I’m not a lawyer and I haven’t read either of the decisions in this case, but it seems clear to me that this is a firm rejection of the notion, in the secular context, that the fetus is simply another human being. I’ve discussed this notion a bit in the negative, and I won’t reiterate it.
But it’s worth noting that we are a secular nation; the dangers of proclaiming we’re a nation of pick-your-sect has been noted, and condemned, here. That the Founding Fathers consigned the religious precept approach to law-making to the dustbin was a supremely practical and intellectual reaction to the madness of theologically oriented monarchs, and the violence that seemed inherent in their reigns; the notion that a peaceful society, undisturbed by the unsubstantiated religious tenets of various sects seems far preferable to the English example of burning at the stake, quite literally, those citizens whose religious practices were at variance with that of the monarch.

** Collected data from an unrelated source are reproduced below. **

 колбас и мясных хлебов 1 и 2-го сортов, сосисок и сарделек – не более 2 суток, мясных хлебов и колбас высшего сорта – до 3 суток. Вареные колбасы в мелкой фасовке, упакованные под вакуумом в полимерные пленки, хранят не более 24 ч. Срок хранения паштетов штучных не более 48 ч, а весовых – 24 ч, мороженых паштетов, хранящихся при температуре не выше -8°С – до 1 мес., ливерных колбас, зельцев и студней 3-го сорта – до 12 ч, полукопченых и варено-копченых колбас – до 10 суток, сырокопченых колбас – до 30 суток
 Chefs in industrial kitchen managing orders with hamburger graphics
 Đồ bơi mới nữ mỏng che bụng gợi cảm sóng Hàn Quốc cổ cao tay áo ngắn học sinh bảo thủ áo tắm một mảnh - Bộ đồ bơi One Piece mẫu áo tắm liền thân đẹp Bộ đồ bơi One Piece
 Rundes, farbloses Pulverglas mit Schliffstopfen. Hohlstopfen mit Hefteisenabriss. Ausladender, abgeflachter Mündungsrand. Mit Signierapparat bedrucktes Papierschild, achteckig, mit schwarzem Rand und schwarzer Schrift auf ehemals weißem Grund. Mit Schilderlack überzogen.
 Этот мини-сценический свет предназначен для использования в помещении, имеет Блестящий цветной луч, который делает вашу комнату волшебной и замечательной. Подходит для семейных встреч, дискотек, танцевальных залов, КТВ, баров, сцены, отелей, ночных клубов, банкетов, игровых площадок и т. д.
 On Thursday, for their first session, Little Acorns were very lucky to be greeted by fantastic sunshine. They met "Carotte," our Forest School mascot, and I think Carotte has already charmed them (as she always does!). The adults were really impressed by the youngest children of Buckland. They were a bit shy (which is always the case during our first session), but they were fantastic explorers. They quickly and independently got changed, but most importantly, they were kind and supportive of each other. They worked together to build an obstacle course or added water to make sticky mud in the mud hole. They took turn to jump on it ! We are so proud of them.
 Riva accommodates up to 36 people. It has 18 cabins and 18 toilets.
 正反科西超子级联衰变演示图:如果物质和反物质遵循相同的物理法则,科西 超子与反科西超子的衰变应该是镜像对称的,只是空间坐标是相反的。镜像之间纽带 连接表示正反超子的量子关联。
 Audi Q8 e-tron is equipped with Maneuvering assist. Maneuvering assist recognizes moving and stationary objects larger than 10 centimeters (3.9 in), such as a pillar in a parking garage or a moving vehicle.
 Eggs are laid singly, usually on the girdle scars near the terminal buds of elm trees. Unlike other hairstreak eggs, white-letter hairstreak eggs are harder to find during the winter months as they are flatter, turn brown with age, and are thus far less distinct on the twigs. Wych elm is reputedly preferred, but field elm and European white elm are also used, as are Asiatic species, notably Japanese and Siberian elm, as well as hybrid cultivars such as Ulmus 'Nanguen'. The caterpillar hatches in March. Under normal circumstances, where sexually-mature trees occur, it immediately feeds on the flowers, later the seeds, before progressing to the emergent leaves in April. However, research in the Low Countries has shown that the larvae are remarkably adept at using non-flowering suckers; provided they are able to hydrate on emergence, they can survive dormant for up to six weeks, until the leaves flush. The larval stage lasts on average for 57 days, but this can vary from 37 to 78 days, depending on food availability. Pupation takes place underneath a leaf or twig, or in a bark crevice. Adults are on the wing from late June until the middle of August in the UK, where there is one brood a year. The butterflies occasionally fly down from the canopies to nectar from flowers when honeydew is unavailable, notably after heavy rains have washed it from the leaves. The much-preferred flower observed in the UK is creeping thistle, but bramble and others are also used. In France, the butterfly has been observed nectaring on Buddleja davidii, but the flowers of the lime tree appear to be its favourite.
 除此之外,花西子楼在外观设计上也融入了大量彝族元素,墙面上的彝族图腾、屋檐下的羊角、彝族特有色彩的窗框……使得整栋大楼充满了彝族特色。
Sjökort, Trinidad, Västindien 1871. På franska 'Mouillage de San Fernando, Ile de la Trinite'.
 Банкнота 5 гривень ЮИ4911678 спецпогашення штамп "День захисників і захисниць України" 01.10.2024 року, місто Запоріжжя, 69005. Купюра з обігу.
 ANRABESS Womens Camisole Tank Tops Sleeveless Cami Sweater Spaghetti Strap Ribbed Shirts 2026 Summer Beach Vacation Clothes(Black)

Ideally, that leaves rational, objective analysis, as difficult as that is, as the basis of real legislative actions. We’re not, being humans, particularly rational, and we’re not born with the tools of objective analysis ready to go, and our ability to teach it varies with teacher, local society, and opinions of both. This all means making laws is a messy business, of infinite frustration to those who believe there’s virtue in dispatch, regardless of their position on political spectrum. For some, it takes time to learn the error of the emotional response.
Skipping some thoughts and interlocutions, as my shoulder is giving me problems today, this leaves us with the classic approach of promulgate, evaluate, revise, repeat, also known, at least to my mind, as the approach of the humble. Our metrics during the revise step are key, and my proffered list is, naturally, incomplete:
- Does the law have a rational basis?
- Does the law infringe on the Bill of Rights?
- Does the law promote or obstruct a peaceful society?
- …
In any case, and to wrap things up, the anti-abortion forces have, in my opinion, failed on at least points 1 and 3; in their attempt to enforce their religious opinions on the population of Indiana, they have brought into play opposing religious forces, which have just as much right to their religious practices as do the anti-abortionists.
In an ideal country, these practices should cancel out, and, because abortion is never imposed, but merely available, I can see no need for anti-abortion laws.
Go, Indiana judges! They remind me of the Iowa Supreme Court justices who ruled that gay marriage was legal, shocking the conservatives of Iowa and beyond. They, in turn, organized a drive to vote those justices out of their seats, in a move that proves my contention that judges should never be subject to votes of the electorate, but only of the relevant legislative body.
I have to wonder how long these judges will remain in their positions.